Preserving Privacy in GANs Against Membership Inference Attack

Mohammadhadi Shateri,Francisco Messina,Fabrice Labeau,Pablo Piantanida
2023-11-06
Abstract:Generative Adversarial Networks (GANs) have been widely used for generating synthetic data for cases where there is a limited size real-world dataset or when data holders are unwilling to share their data samples. Recent works showed that GANs, due to overfitting and memorization, might leak information regarding their training data samples. This makes GANs vulnerable to Membership Inference Attacks (MIAs). Several defense strategies have been proposed in the literature to mitigate this privacy issue. Unfortunately, defense strategies based on differential privacy are proven to reduce extensively the quality of the synthetic data points. On the other hand, more recent frameworks such as PrivGAN and PAR-GAN are not suitable for small-size training datasets. In the present work, the overfitting in GANs is studied in terms of the discriminator, and a more general measure of overfitting based on the Bhattacharyya coefficient is defined. Then, inspired by Fano's inequality, our first defense mechanism against MIAs is proposed. This framework, which requires only a simple modification in the loss function of GANs, is referred to as the maximum entropy GAN or MEGAN and significantly improves the robustness of GANs to MIAs. As a second defense strategy, a more heuristic model based on minimizing the information leaked from generated samples about the training data points is presented. This approach is referred to as mutual information minimization GAN (MIMGAN) and uses a variational representation of the mutual information to minimize the information that a synthetic sample might leak about the whole training data set. Applying the proposed frameworks to some commonly used data sets against state-of-the-art MIAs reveals that the proposed methods can reduce the accuracy of the adversaries to the level of random guessing accuracy with a small reduction in the quality of the synthetic data samples.
Machine Learning,Cryptography and Security,Signal Processing
What problem does this paper attempt to address?

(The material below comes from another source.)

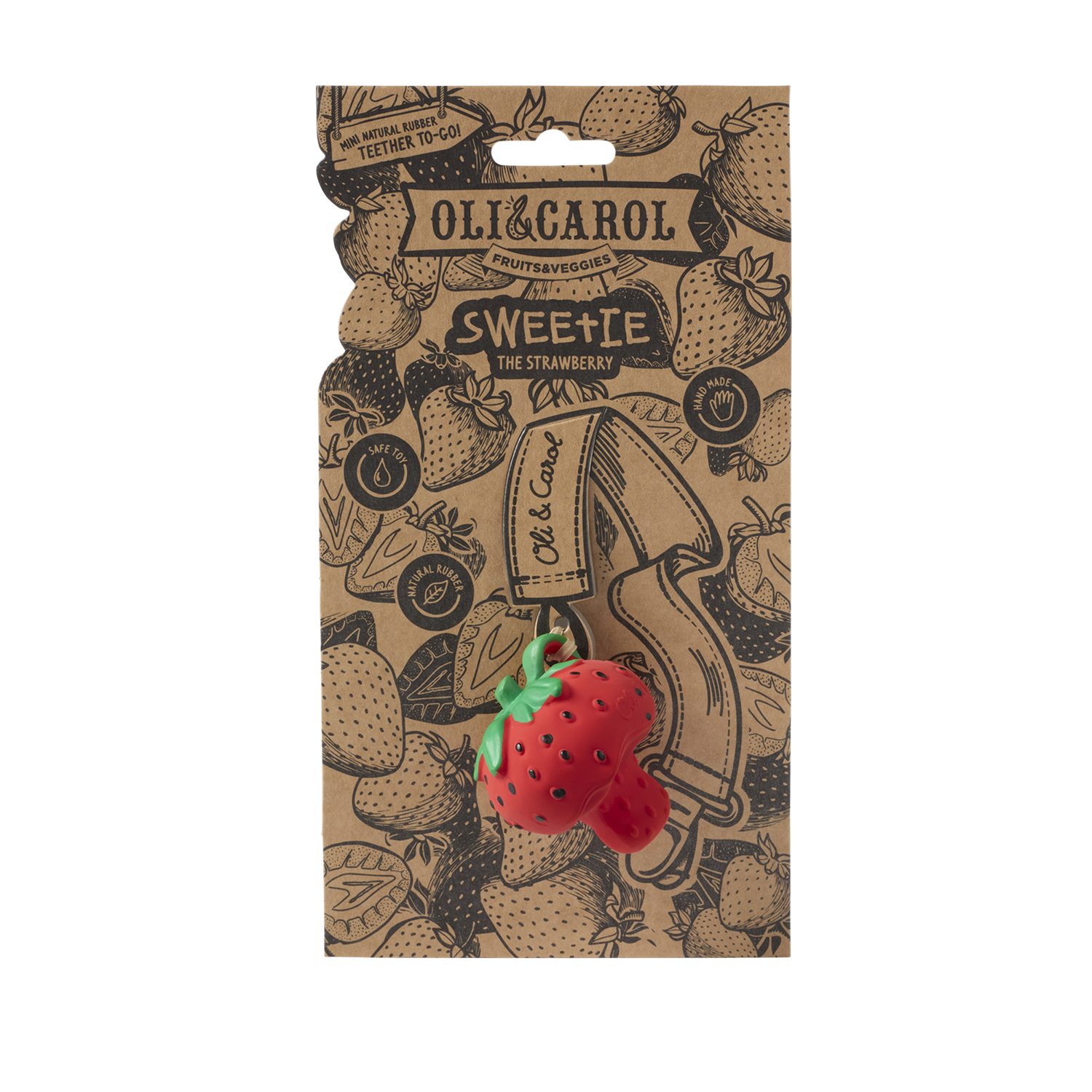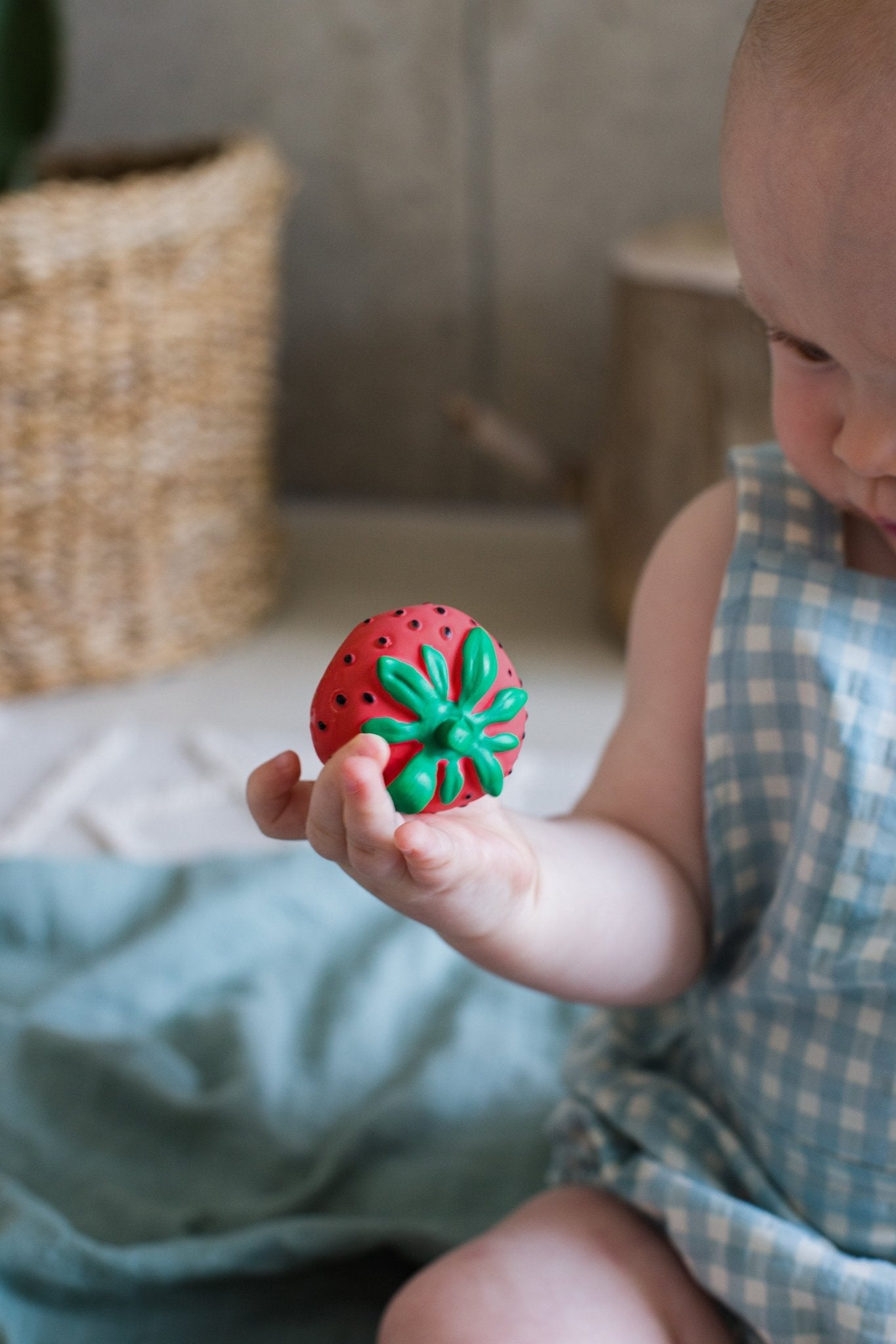 Sommige speeltjes maken je gewoon vrolijk zodra je ze zie: Sweetie the Strawberry Mini Baby Teether van Oli & Carol is er zo eentje. Met haar zachte textuur en opvallende kleuren brengt dit mini bijtspeeltje je meteen in vervoering. Maar achter dat vrolijke uiterlijk schuilt een slim ontwerp: de Strawberry Teether is met de hand gemaakt uit 100% natuurlijk rubber van de Hevea-boom en gekleurd met veilige, natuurlijke pigmenten. Geen plastic, geen gaatjes waar water in kruipt, en dus ook geen kans op schimmel.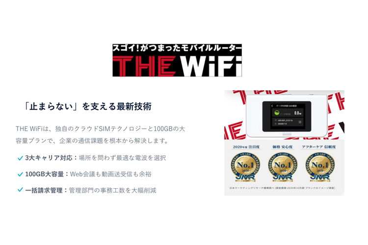 特長THE WiFiは、独自のクラウドSIMテクノロジーと100GBの大 容量プランで、企業の通信課題を根本から解決します。

The paper attempts to address the issue of protecting privacy in Generative Adversarial Networks (GANs) to prevent Membership Inference Attacks (MIAs). Specifically, the paper focuses on how to avoid leaking sensitive information from the training dataset when generating synthetic data. Due to the potential for GANs to overfit and memorize training data, they are susceptible to MIAs, where an attacker can determine whether a particular data sample was used to train the model. Some existing defense strategies, such as differential privacy-based methods, can effectively prevent MIAs but significantly reduce the quality of the generated data. Other methods, like PrivGAN and PAR-GAN, are not suitable for small-scale datasets. To address these issues, the paper proposes two new defense mechanisms: 1. **Maximum Entropy GAN (MEGAN)**: By modifying the GAN's loss function, it ensures that the model learns the distribution of the training data while reducing sensitivity to MIAs. MEGAN uses the Bhattacharyya coefficient as a measure of overfitting and maximizes this coefficient to enhance the model's robustness against MIAs. 2. **Mutual Information Minimization GAN (MIMGAN)**: By minimizing the mutual information between the generated data and the training data, it reduces the leakage of information about the entire training dataset in the generated samples. MIMGAN uses a variational representation of mutual information to achieve this goal. Experimental results on multiple commonly used datasets show that these two methods can reduce the attacker's accuracy to the level of random guessing while only causing a small impact on the quality of the generated data.